---- Task input

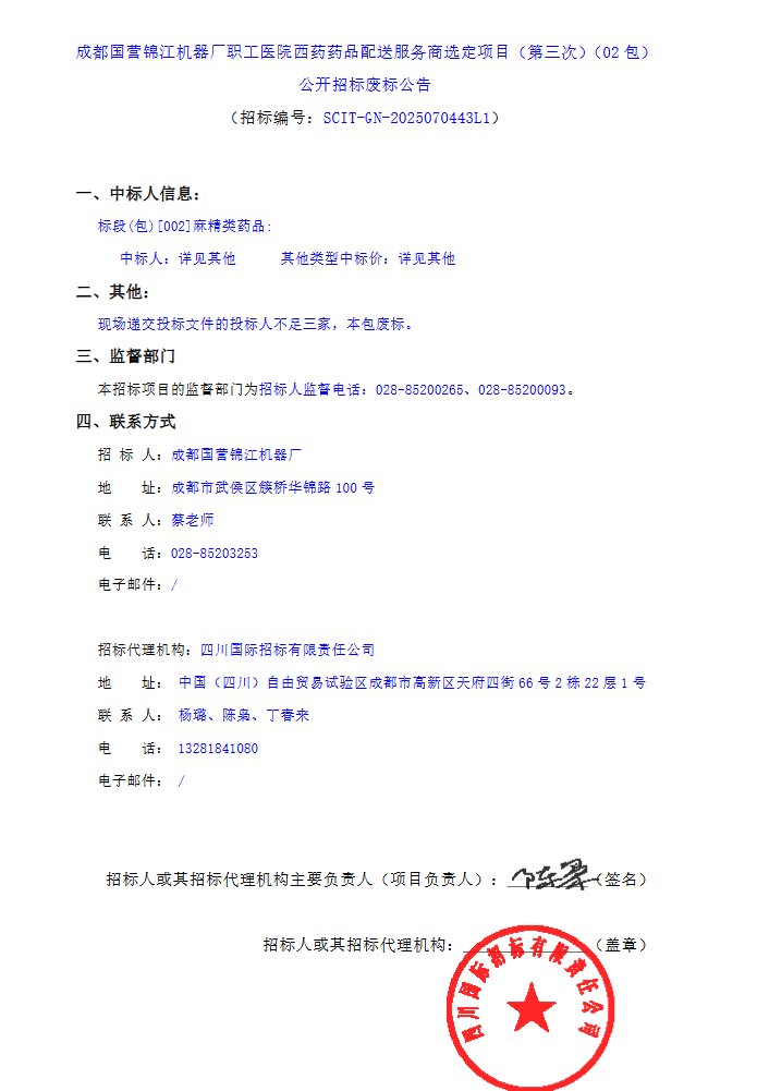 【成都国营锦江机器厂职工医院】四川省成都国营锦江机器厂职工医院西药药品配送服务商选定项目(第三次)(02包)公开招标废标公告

--------
---- Task input

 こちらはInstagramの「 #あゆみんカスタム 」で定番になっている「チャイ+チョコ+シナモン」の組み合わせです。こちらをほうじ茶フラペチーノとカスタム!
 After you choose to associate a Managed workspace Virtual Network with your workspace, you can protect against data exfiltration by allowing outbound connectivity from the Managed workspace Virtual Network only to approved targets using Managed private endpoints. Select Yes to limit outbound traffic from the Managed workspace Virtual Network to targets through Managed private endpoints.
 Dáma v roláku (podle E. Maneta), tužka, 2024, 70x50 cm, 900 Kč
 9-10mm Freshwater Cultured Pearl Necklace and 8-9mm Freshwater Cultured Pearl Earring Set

--------
---- Task input

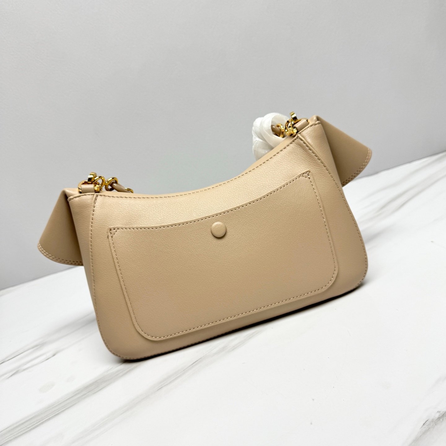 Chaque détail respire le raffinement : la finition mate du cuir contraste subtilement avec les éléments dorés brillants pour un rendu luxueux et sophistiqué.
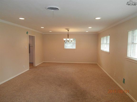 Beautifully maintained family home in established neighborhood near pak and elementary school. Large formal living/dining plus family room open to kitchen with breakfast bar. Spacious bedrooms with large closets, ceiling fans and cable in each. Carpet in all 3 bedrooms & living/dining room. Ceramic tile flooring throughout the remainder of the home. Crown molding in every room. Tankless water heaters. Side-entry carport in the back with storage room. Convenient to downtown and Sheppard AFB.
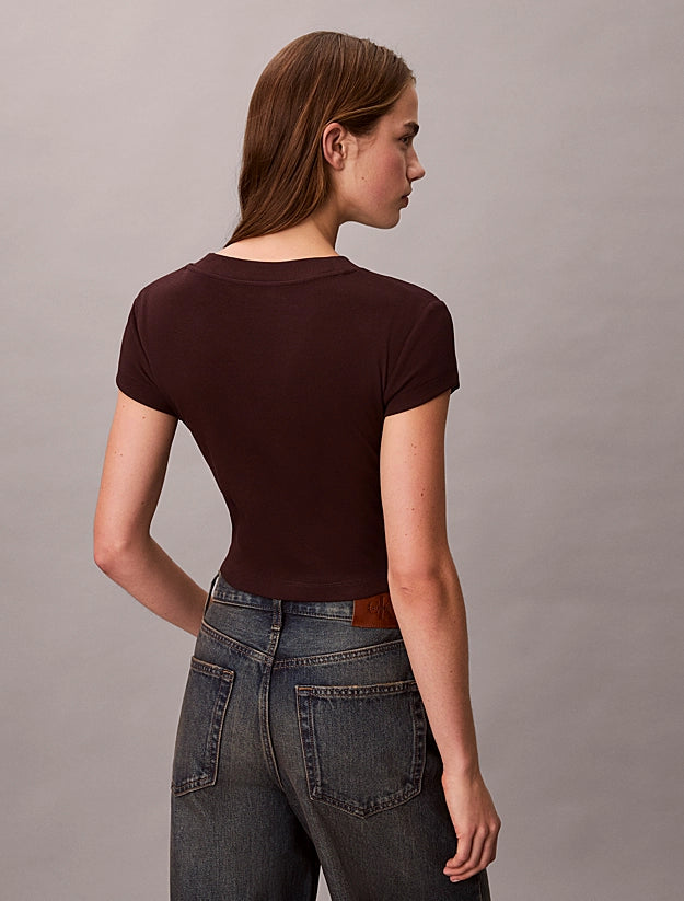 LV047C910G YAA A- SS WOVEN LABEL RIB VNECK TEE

--------

Look above and copy only the lines from the one holding "Beautifully maintained family" to the one holding "LV047C910G YAA A- SS", both included, exactly, minus the pictures.

* Written answer
 Beautifully maintained family home in established neighborhood near pak and elementary school. Large formal living/dining plus family room open to kitchen with breakfast bar. Spacious bedrooms with large closets, ceiling fans and cable in each. Carpet in all 3 bedrooms & living/dining room. Ceramic tile flooring throughout the remainder of the home. Crown molding in every room. Tankless water heaters. Side-entry carport in the back with storage room. Convenient to downtown and Sheppard AFB.
 LV047C910G YAA A- SS WOVEN LABEL RIB VNECK TEE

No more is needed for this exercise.